Modern Familyreturns for its third season, and while this episode isn’t the strongest in the history of the show, it still delivers enough comedic goods to keep us watching in the weeks to come. All the regulars deliver the kind of performances we’ve come to expect from them, and a strong guest star stops by to add his own unique personality to the mix. Read on to see how we felt. . .

The Players

  • Director: Jason Winer
  • Writers: Paul Corrigan, Dan O’Shannon, Brad Walsh
  • Cast: Ed O’Neill, Sofia Vergara, Julie Bowen, Ty Burrell, Jesse Tyler Ferguson, Eric Stonestreet, Sarah Hyland, Ariel Winter, Nolan Gould, Rico Rodriguez, Reid Ewing, Tim Blake Nelson

Episode Title: “Dude Ranch”

The new season starts off with a vacation-themed episode in which the family heads to–you guessed it–a dude ranch, with Haley’s boyfriend Dylan in tow. Cam and Mitch are secretly thinking about adopting a new baby boy, but Mitch feels that he isn’t masculine enough to be a traditional father. Ariel, in the meantime, deals with an obnoxious boy who is interested in her. Claire does her best to warm up to Dylan, but his general stupidity makes such a feat difficult. Phil continues to grapple with Jay’s treatment towards him, and Tim Blake Nelson appears as a cowboy with his eyes set on Gloria.

The Good:

  • Tim Blake Nelson: Man oh man, this poor guy is too often overlooked.

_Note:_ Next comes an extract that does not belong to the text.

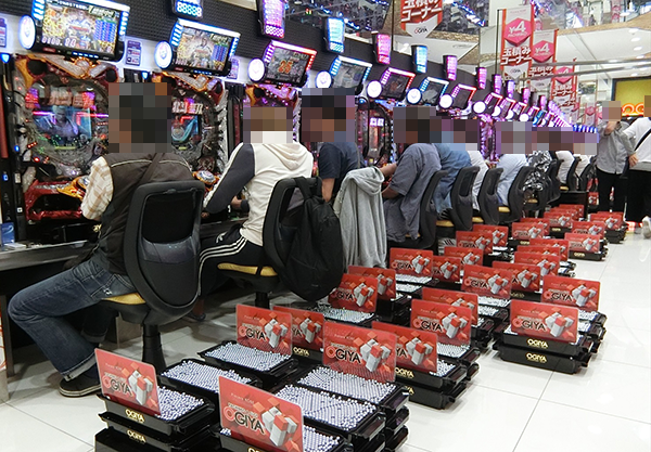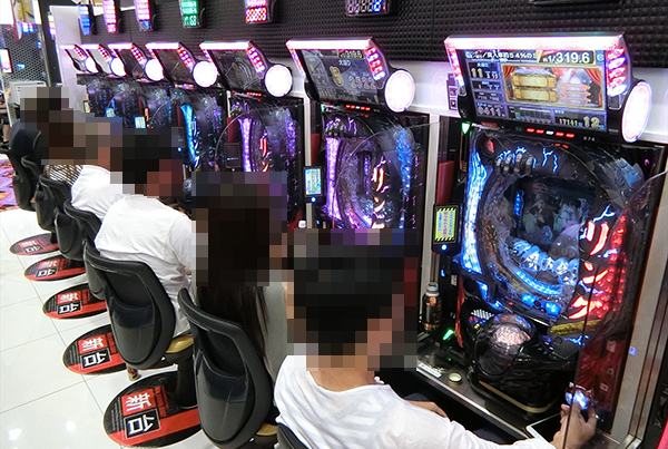 14時を過ぎた頃の4円パチンコでは、「ぱちんこCR真・北斗無双」や「CRぱちんこ GANTZ」などが盛況。華麗なパフォーマンスを披露するプレイヤーによって、シマ内に広がる光景は鮮やかなものとなっていた。

Sure, enough people respect his acting abilities to keep him in work, but he’s the rare kind of performer who isn’t at all afraid of making a complete fool out of himself if it means delivering a strong, funny performance. He was the highlight of the episode, and it’s a shame to realize that his involvement in the series will be limited to this one instance.
  • Mitch’s manhood: “Modern Family” always strives to be the kind of show that balances effective humor with some genuine emotional content. Every now and then, it fails to do so, forcing a message into a story that would work better without so much moralizing, but the subplot involving Mitch’s insecurities about his ability to raise a boy are touching without being sappy or sentimental.

The So-So:

  • Alex’s boy trouble: With Haley securely in the role of the boy-crazy teenager, and Alex as the studious introvert, it should have been a little interesting to see Alex deal with a potential boyfriend for a change. Unfortunately, this brief subplot isn’t given enough attention, making it seem fairly superfluous. Ok, a boy kisses her, and even though she pretends to be grossed out, she’s actually a little attracted to him. If that went somewhere, it might be worth it, but because it doesn’t, we’re stuck with a fairly pointless subplot.

The Bad:

  • Dylan’s departure: Unless the writers are faking us out, it looks as though Dylan will no longer be a part of the show. This is fine–he was never the strongest element to begin with–but the way they get rid of him is forced and unrealistic.


A decent enough start to the season. Sure, there have been some far stronger episodes of this show, but it certainly wasn’t disappointing enough to make us lose faith. We’re still being entertained, and we still feel confident that the rest of the season will be worth tuning in for.

Rating: 7.5/10

“Modern Family” airs every Wednesday night on ABC!